WORK REQUIRED: Copy nothing but the lines below running from the line containing "今日の給食は「発芽米ごはん・" through the line containing "Genelec G Two", both end lines included.

SUPPLIED ENTRIES:
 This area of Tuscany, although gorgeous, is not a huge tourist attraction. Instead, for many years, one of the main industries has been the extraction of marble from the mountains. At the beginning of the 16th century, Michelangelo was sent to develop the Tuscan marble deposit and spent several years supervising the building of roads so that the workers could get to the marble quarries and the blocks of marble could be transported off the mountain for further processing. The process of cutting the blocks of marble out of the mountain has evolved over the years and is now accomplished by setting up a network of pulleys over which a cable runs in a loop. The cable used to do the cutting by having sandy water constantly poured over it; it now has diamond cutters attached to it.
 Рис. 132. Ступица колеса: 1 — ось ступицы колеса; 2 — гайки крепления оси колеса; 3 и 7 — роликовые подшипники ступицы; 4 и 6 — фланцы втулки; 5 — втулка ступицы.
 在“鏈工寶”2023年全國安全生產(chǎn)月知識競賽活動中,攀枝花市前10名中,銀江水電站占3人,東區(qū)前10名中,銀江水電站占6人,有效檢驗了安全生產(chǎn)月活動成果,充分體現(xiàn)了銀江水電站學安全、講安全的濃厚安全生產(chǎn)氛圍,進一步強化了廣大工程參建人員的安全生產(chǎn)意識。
==
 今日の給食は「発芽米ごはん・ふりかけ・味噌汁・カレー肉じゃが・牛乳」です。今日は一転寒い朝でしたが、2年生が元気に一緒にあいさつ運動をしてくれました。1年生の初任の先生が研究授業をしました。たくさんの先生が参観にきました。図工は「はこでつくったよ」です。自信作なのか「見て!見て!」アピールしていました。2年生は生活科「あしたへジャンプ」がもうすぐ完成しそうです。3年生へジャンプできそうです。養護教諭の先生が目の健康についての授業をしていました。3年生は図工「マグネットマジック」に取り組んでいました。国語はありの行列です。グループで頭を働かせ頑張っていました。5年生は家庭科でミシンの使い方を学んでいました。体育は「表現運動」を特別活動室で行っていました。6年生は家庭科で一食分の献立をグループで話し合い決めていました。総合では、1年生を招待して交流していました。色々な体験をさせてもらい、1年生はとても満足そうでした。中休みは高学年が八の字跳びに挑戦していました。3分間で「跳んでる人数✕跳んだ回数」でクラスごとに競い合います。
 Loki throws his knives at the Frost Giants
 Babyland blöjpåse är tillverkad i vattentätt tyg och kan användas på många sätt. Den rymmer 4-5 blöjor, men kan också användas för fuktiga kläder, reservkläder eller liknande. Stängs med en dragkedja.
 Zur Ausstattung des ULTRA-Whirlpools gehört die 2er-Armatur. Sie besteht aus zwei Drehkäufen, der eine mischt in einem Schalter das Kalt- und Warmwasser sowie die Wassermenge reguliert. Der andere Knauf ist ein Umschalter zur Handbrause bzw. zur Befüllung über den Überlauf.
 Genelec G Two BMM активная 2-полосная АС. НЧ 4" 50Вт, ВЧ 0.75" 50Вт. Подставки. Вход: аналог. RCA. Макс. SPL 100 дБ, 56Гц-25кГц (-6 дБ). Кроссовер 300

FINAL ANSWER:
 今日の給食は「発芽米ごはん・ふりかけ・味噌汁・カレー肉じゃが・牛乳」です。今日は一転寒い朝でしたが、2年生が元気に一緒にあいさつ運動をしてくれました。1年生の初任の先生が研究授業をしました。たくさんの先生が参観にきました。図工は「はこでつくったよ」です。自信作なのか「見て!見て!」アピールしていました。2年生は生活科「あしたへジャンプ」がもうすぐ完成しそうです。3年生へジャンプできそうです。養護教諭の先生が目の健康についての授業をしていました。3年生は図工「マグネットマジック」に取り組んでいました。国語はありの行列です。グループで頭を働かせ頑張っていました。5年生は家庭科でミシンの使い方を学んでいました。体育は「表現運動」を特別活動室で行っていました。6年生は家庭科で一食分の献立をグループで話し合い決めていました。総合では、1年生を招待して交流していました。色々な体験をさせてもらい、1年生はとても満足そうでした。中休みは高学年が八の字跳びに挑戦していました。3分間で「跳んでる人数✕跳んだ回数」でクラスごとに競い合います。
 Loki throws his knives at the Frost Giants
 Babyland blöjpåse är tillverkad i vattentätt tyg och kan användas på många sätt. Den rymmer 4-5 blöjor, men kan också användas för fuktiga kläder, reservkläder eller liknande. Stängs med en dragkedja.
 Zur Ausstattung des ULTRA-Whirlpools gehört die 2er-Armatur. Sie besteht aus zwei Drehkäufen, der eine mischt in einem Schalter das Kalt- und Warmwasser sowie die Wassermenge reguliert. Der andere Knauf ist ein Umschalter zur Handbrause bzw. zur Befüllung über den Überlauf.
 Genelec G Two BMM активная 2-полосная АС. НЧ 4" 50Вт, ВЧ 0.75" 50Вт. Подставки. Вход: аналог. RCA. Макс. SPL 100 дБ, 56Гц-25кГц (-6 дБ). Кроссовер 300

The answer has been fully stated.